The ROCm toolboxes ship with ROCBLAS_USE_HIPBLASLT=1 by default. This forces rocBLAS to
prefer
the hipBLASLt kernel library, which historically delivered the best throughput on gfx1151 (Strix Halo).
Rows tagged with __hblt0 were re-run with ROCBLAS_USE_HIPBLASLT=0, letting
rocBLAS
auto-select between hipBLASLt, Tensile, or other kernel providers. These runs show how performance
shifts when
the tuned hipBLASLt path is disabled.
hipBLASLt is AMD's LT (low-level tuned) matmul backend, optimized for transformer workloads. Disabling it
can
expose regressions or improvements depending on driver versions, so both configurations are published
for
comparison.
RPC · dual server
These results were produced with two Strix Halo systems (Framework Desktops, each
128 GB)
connected over 50 Gbps Ethernet (likely bandwidth is not the limiting factor here, but latency).

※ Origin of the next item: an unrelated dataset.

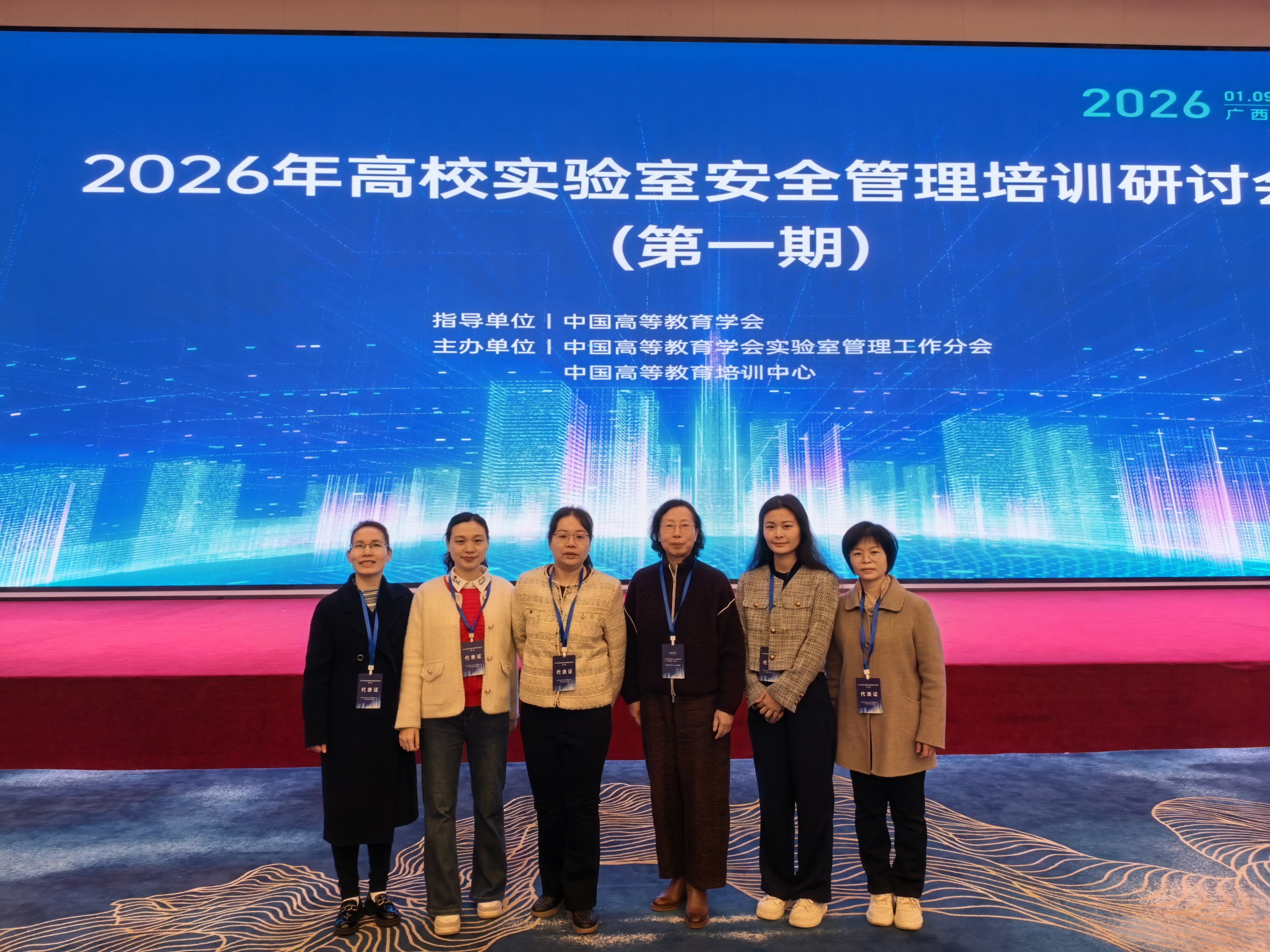 1月10日至11日,由中国高等教育学会指导、中国高等教育培训中心主办 “2026年高校实验室安全管理培训研讨会(第一期)”在广西南宁顺利召开。来自全国各高校的实验室管理负责人、安全专员及相关教师代表齐聚一堂,共同探讨实验室安全管理的最新理念与实践路径。实验动物中心何敏主任带领中心实验室管理人员、安全专员和相关教师等6人参会。

One runs rpc-server from llama.cpp; the other runs
llama-bench --rpc.
This setup allows distributed inference, splitting large GGUF models across both machines. The metric
shows what
you can expect when latency is limited by the network and the workload is balanced between two RPC
participants.
rocWMMA variants
Backends labeled -rocwmma are rebuilt with AMD's rocWMMA library, which unlocks matrix
multiply
pipelines accelerated via wave matrix multiply-accumulate (WMMA) instructions.
rocWMMA kernels can significantly accelerate BF16/F16 workloads on RDNA3 but may trade stability or
memory
usage; comparing plain toolboxes against -rocwmma ones highlights the benefit or cost.
rocWMMA-improved builds
Toolboxes tagged -rocwmma-improved bake in an experimental llama.cpp patch that retunes
rocWMMA
kernels for long-context throughput on Strix Halo.
Patch reference: 12bb5c371bd3. These builds often run faster for 32k+ contexts,
but
the changes are not upstream and may be unstable.